System: Giant sprinkler. They spin in a circle around fields which are, not by coincidence, planted in a circle. Stacy and I will own this one some day:
Irrigation Ditch: There are two seasonal definitions Summer: Big man-made ditches that bring water hundreds of miles to fields where it is pumped into systems or brought through little ditches and tubes down the rows of corn. AND Fall, Winter and Spring: nearly empty schoolyard boundaries where students can play during recess out of the sight of their teacher. Remaining amounts of water are useful for peeing contests and ice skating.
Irrigation Ditch Road: Roads, usually with two tracks, one for each wheel, that run along irrigation ditches.

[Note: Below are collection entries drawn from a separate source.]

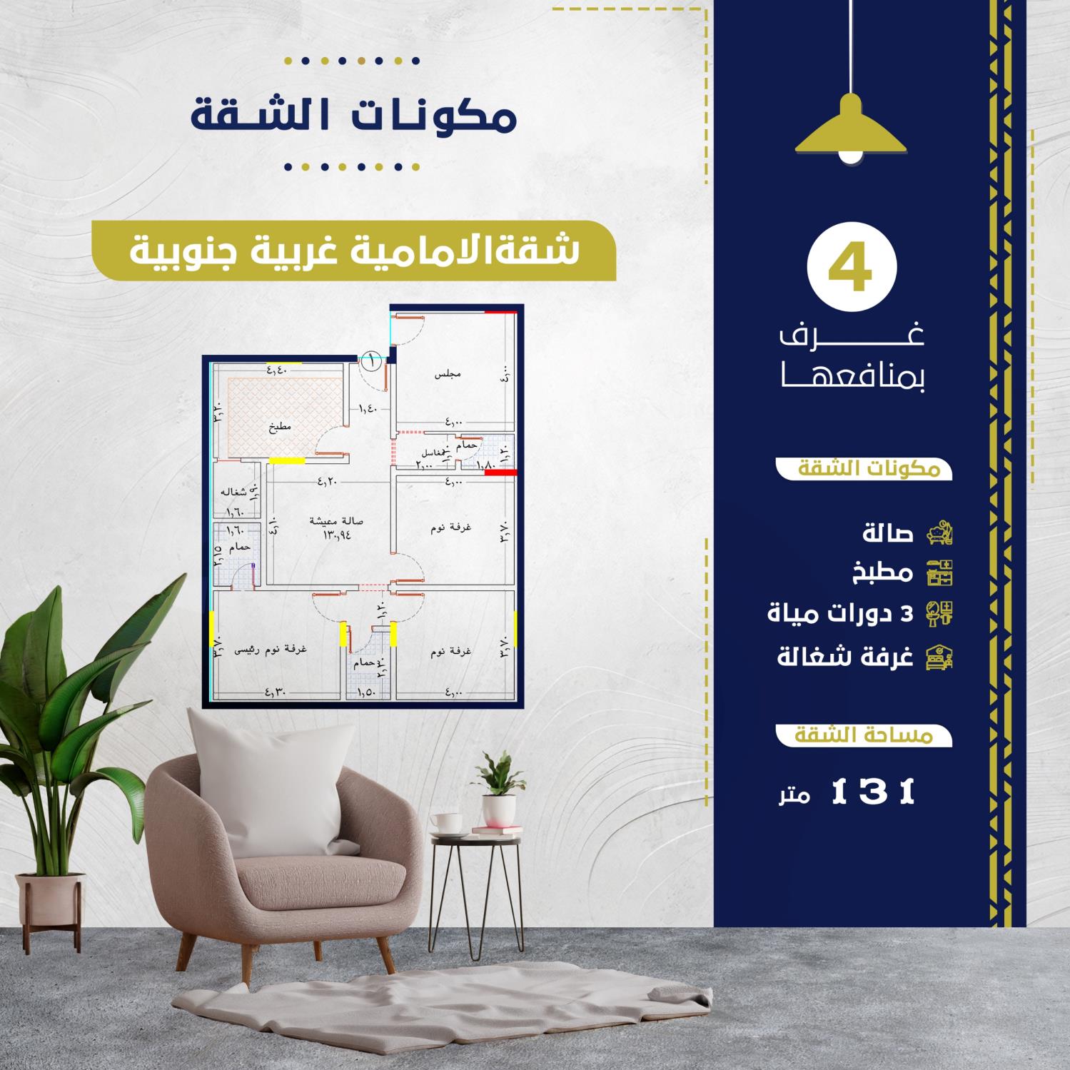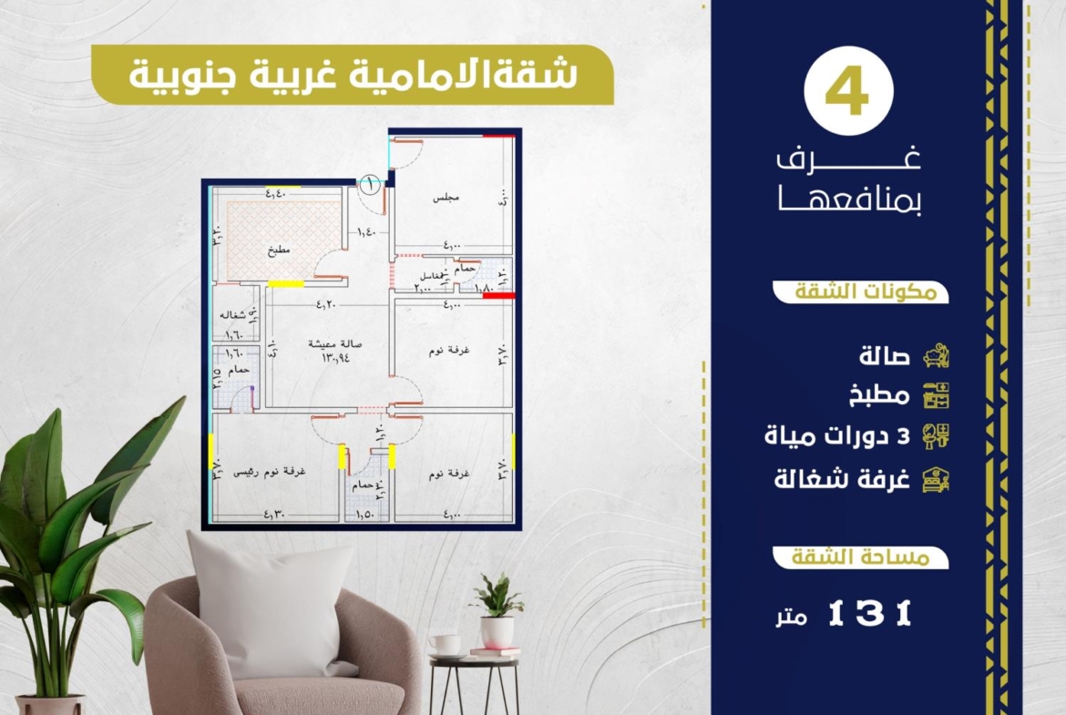 الشقة 4 غرف + 3 حمامات + صالة + مطبخ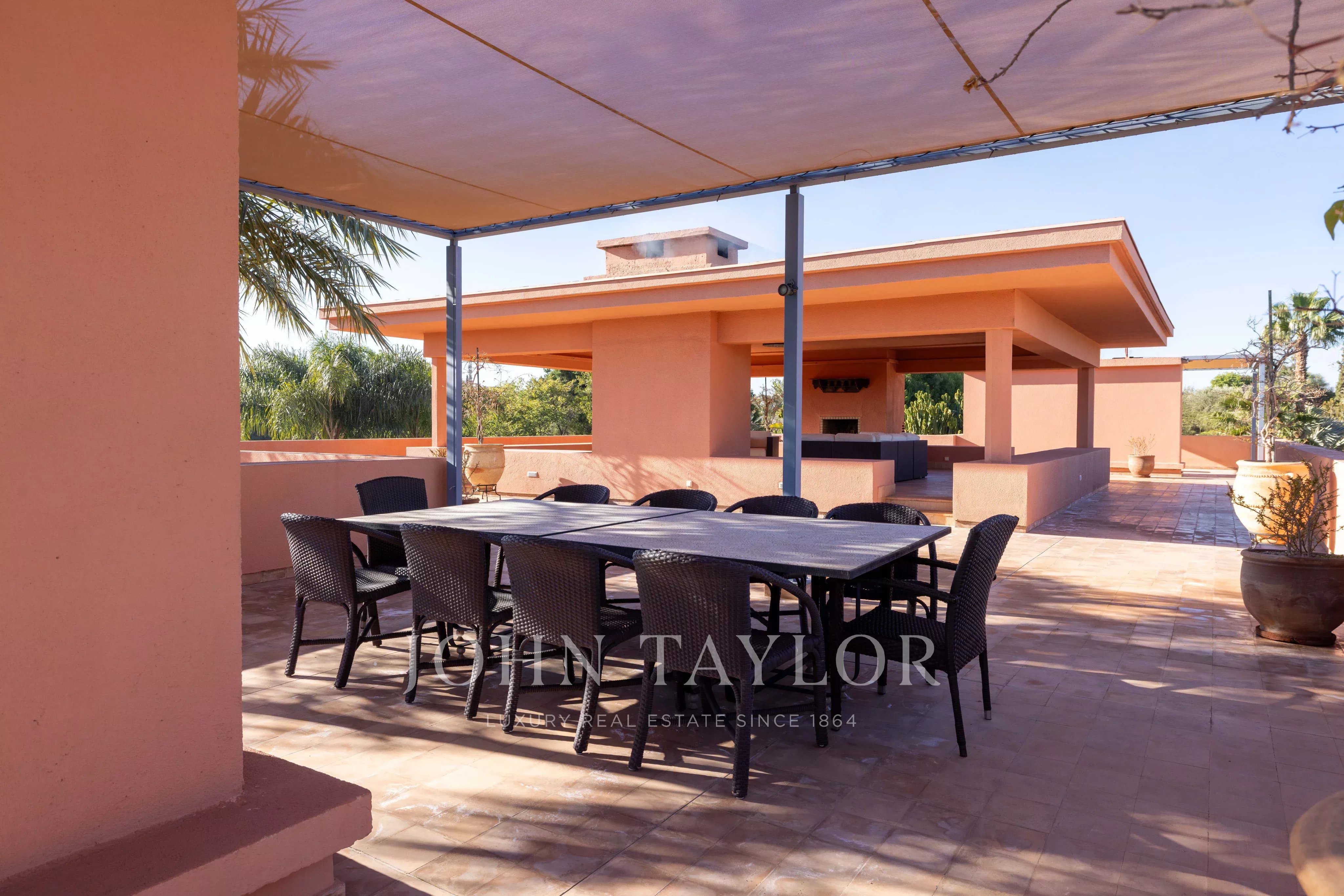 A noter: un superbe toit-terrasse avec cuisine d'été, salon abrité avec cheminée et espace repas: la vue sur la chaîne de l'Atlas est somptueuse.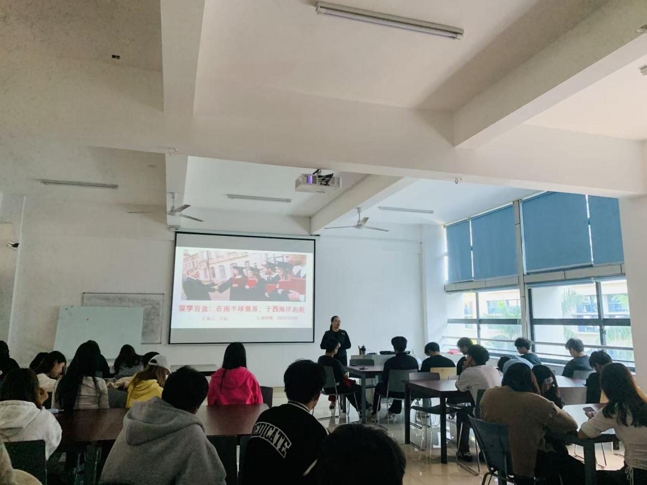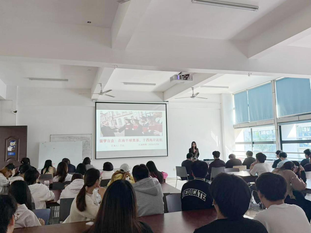 为系统梳理留学分享资源,为学子提供全方位、常态化的留学参考,12月8日下午,我院成功举办第13期留学经验分享会。此次分享内容丰富,涵盖了我院电子商务教研室郑仕真、兰喆两位具有丰富海外经历的老师进行分享。此外海外学院黄杰老师详细讲解了马来西亚三所留学项目的优势与申请攻略,旨在为学生提供多元、真实的留学视角与路径指导。学生们积极参与,现场气氛热烈。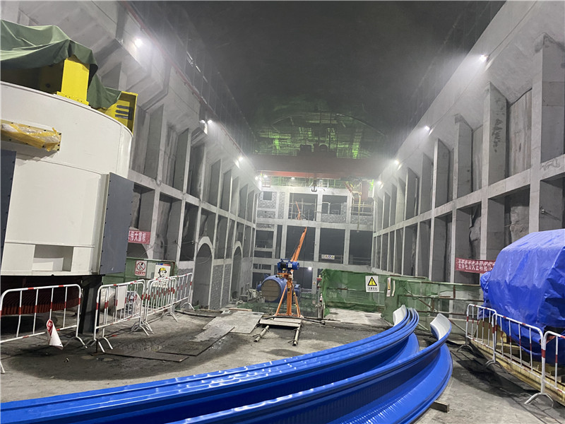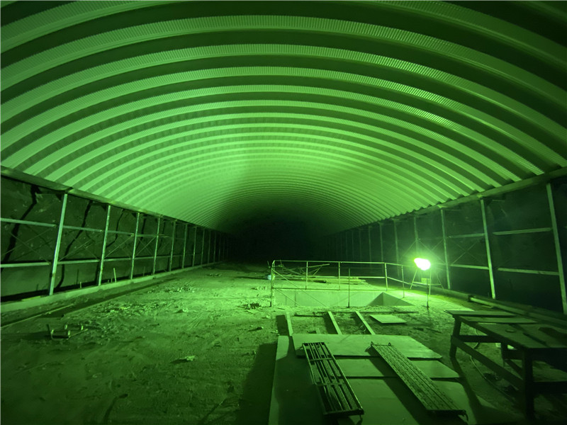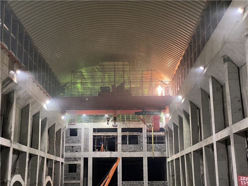實(shí)際安裝主變室拱形屋頂?shù)倪^(guò)程中,由于白天洞室內(nèi)有人在地面進(jìn)行機(jī)電安裝作業(yè),我們的施工人員必須錯(cuò)峰施工。一般我們?cè)诿刻焱砩?點(diǎn)進(jìn)入洞室內(nèi),施工到凌晨下班。實(shí)際上山洞內(nèi)沒(méi)有光源,白天還是夜里從事安裝作業(yè)在視線上都沒(méi)有差別。進(jìn)過(guò)一周的努力,主變室的拱形屋頂即將安裝完成了。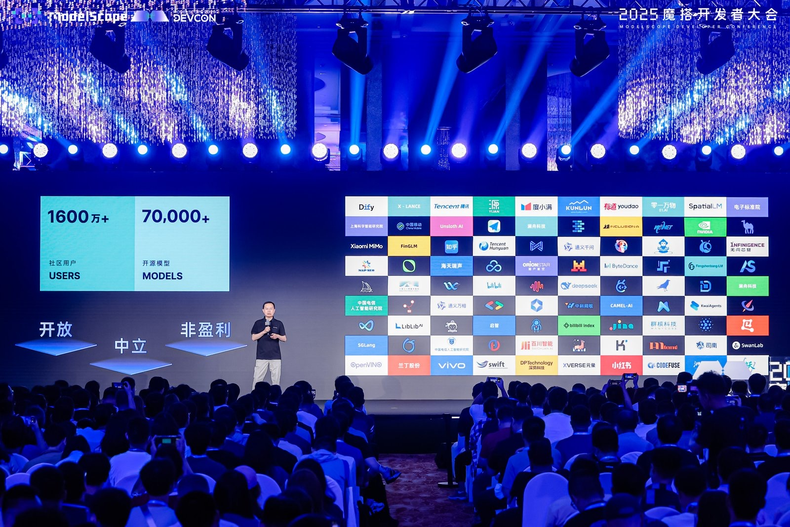 魔搭社区是一个开放、中立、非盈利的组织。本次开发者大会由国家信息中心指导、魔搭社区主办。大会覆盖前沿模型与工具、MCP和Agent、科研智能等七大论坛和65个主题。国内外知名AI开源模型团队均现场参会分享,包括谷歌、英伟达、英特尔、Midjourney、DeepSeek、字节跳动、腾讯、蚂蚁、MiniMax、智谱、阶跃星辰、群核科技等头部企业,以及中科院、上海人工智能实验室、之江实验室等知名科研机构。全球200余位AI领域专家学者和数万名开发者齐聚一堂,迎来大模型全明星盛会。

Theoretically they are for use only by irrigation district personnel. Theories-schmeories.
Sandhills: Think desert dunes covered with scraggly grasses. So, so gorgeous.
Horizon: Many of you in the tree-littered parts of the country may have never seen one of these. It’s where the land and sky meet. Without trees. Really, really pretty.
Bromegrass: A tall golden grass that covers irrigation ditches. If you pinch your fingers at the base of the seed head and strip them up off the stem you can make “Baby Yucca” plants. We might have done that a few thousand times as children. I have an entire essay about bromegrass that won an award in High School. If my Mom didn’t accidentally throw it away when she was purging floppy disks, I’ll share it with you sometime.